In the context of educating future construction experts at the university level in modern times, Kirdasinova et al. (Citation2022) suggest that students develop conceptual understanding of mathematical concepts most effectively through a combination of personal observation and visual modeling of mathematical objects and processes. This innovative pedagogical approach focusing on visualization should inform the selection of mathematical content and activities for construction-related disciplines. The ability to think and analyze quantitatively for the effective management of various activities and operations in the construction industry is among the major competencies of the students and professionals in the discipline. Most career paths in the industry require students to pass assessments of their construction- and design-related mathematics skills and competencies in terms of decimal and fraction calculations, unit conversions, design calculations and dimensions, measurements, length, area, volume calculations, angle trigonometry, etc.

Many university construction programs require students to be competent in mathematics subjects such as applied trigonometry, calculus, etc. This ultimately requires the teachers to incorporate effective teaching methods and practices to effectively train the students and build their competence in mathematics, which would enhance their overall quantitative abilities (Sassin, Citation2020). However, it has been found that, despite the crucial importance of mathematical abilities and competencies for construction, students are lacking in this area (Ching, Citation2020; O’Brien & Plotnick, Citation2010; Ragel, Citation2021). However, some research has raised questions about whether current teaching methods provide sufficient mathematical abilities and competencies needed for the construction industry (Ching, Citation2020; O’Brien & Plotnick, Citation2010). For example, one study found that students struggled to apply classroom knowledge in solving industry problems (Lee et al., Citation2016). Further investigation is warranted into possible gaps between university preparation and professional needs.

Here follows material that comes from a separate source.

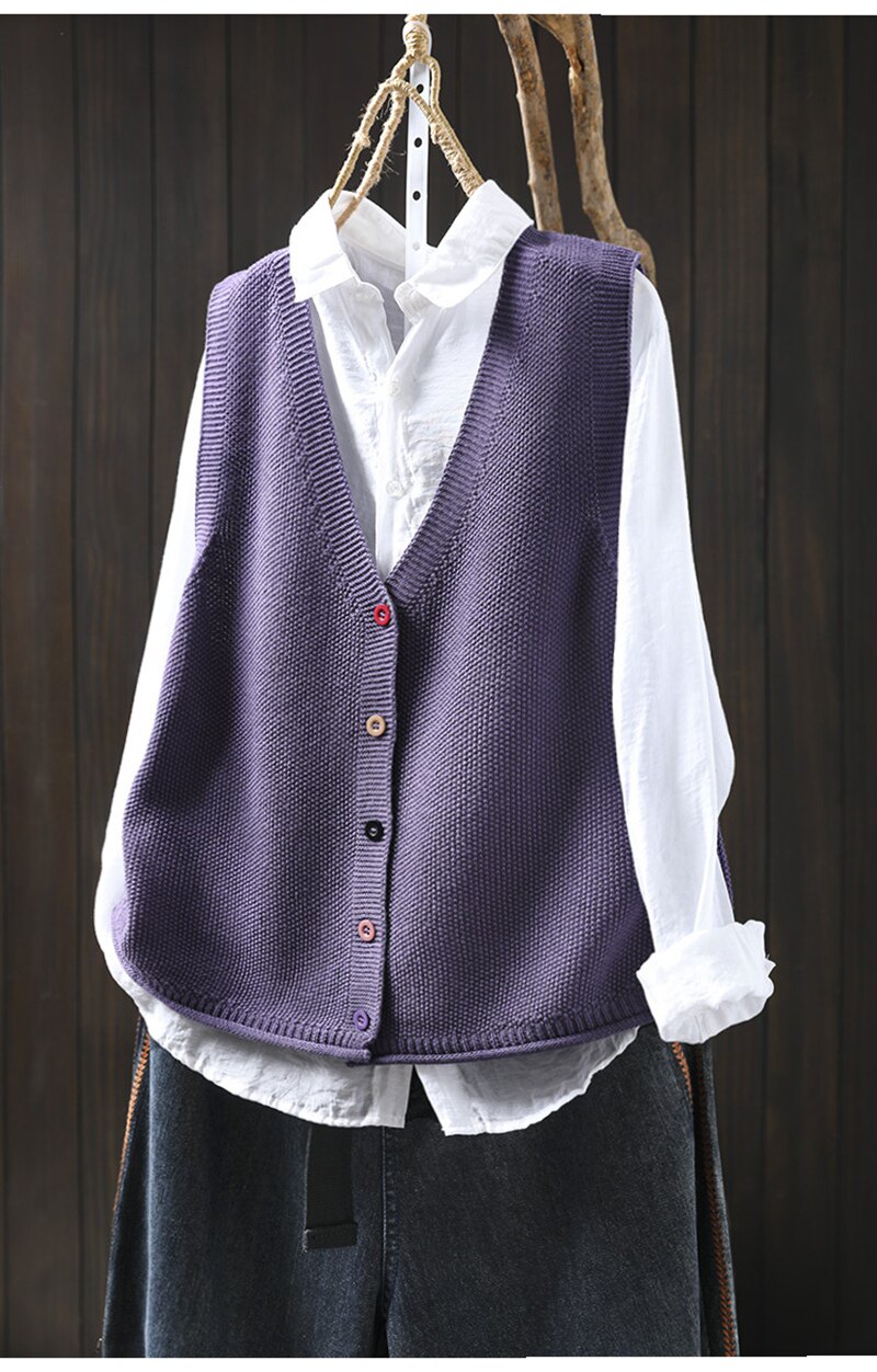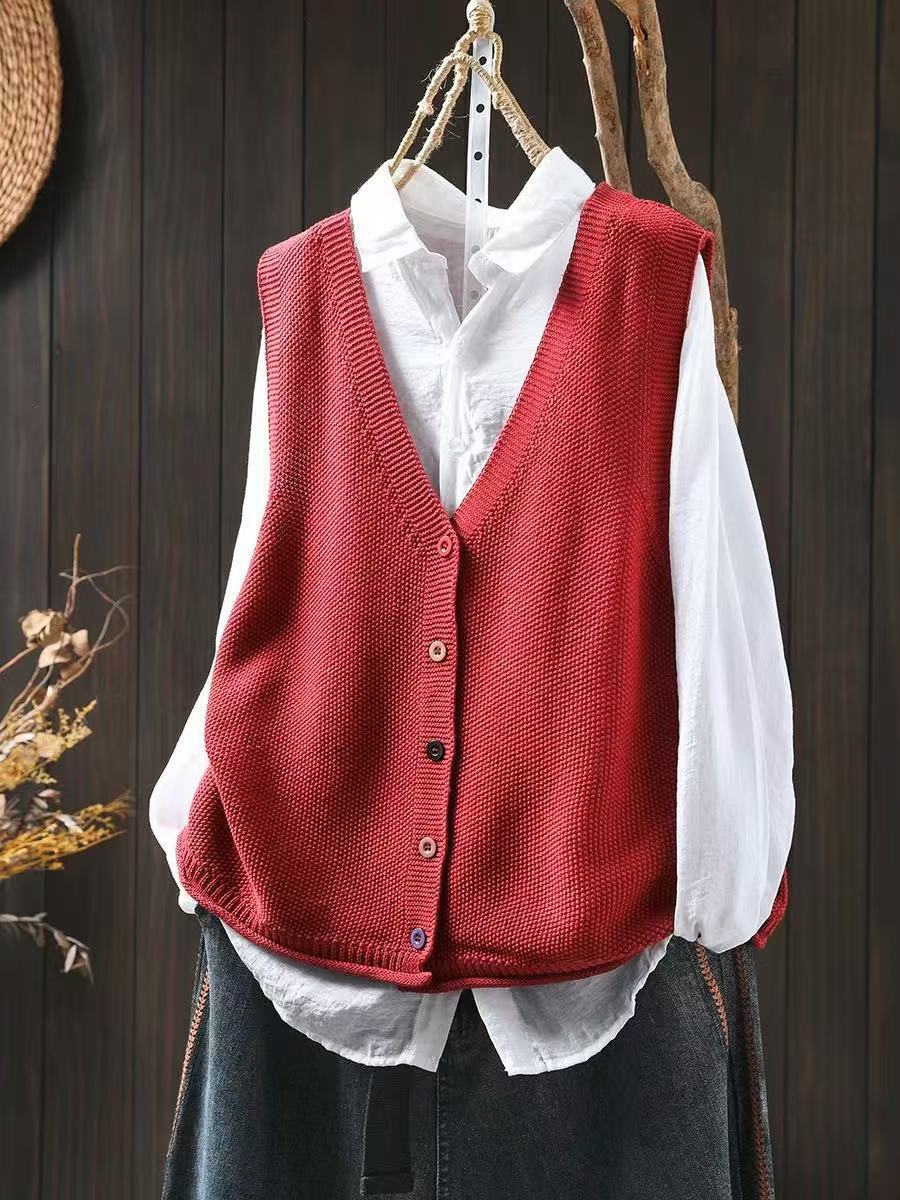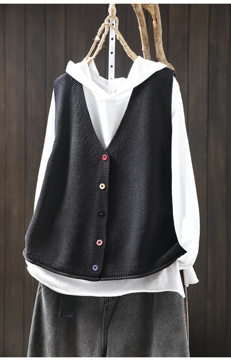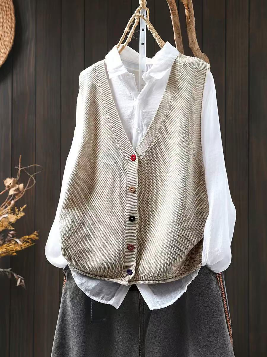 봄 새로운 컬러 버튼 V 넥 코튼 니트 조끼 여성의 느슨한 슬리밍 캐주얼 스태킹 말벌 2511

This may be due to simply being presented with math problems without a true understanding of the concepts or insufficient training for seamlessly applying mathematics to this discipline (Lee et al., Citation2016; Williamson & Anderson, Citation2017).

A typical construction curriculum includes several mathematics courses (e.g. structural analysis, surveying, construction materials, floors, foundations, facilities management, cost estimation, and graphics/computer communications). Without strong mathematical abilities initially, construction students may struggle to grasp the advanced technical knowledge delivered via their university courses (Davis, Citation2011; Lee et al., Citation2016; Zhang et al., Citation2019). The goal is for the mathematics components of the construction curriculum to develop confidence and competency in quantitative skills over time. Thus, professional mathematics skills and confidence are required by students of the construction discipline for developing effective construction management cognizance. This ultimately calls for the adoption of effective and innovative training methods that can be incorporated into the professional training of university instructors teaching mathematics to students of construction (Sergeeva et al., Citation2020).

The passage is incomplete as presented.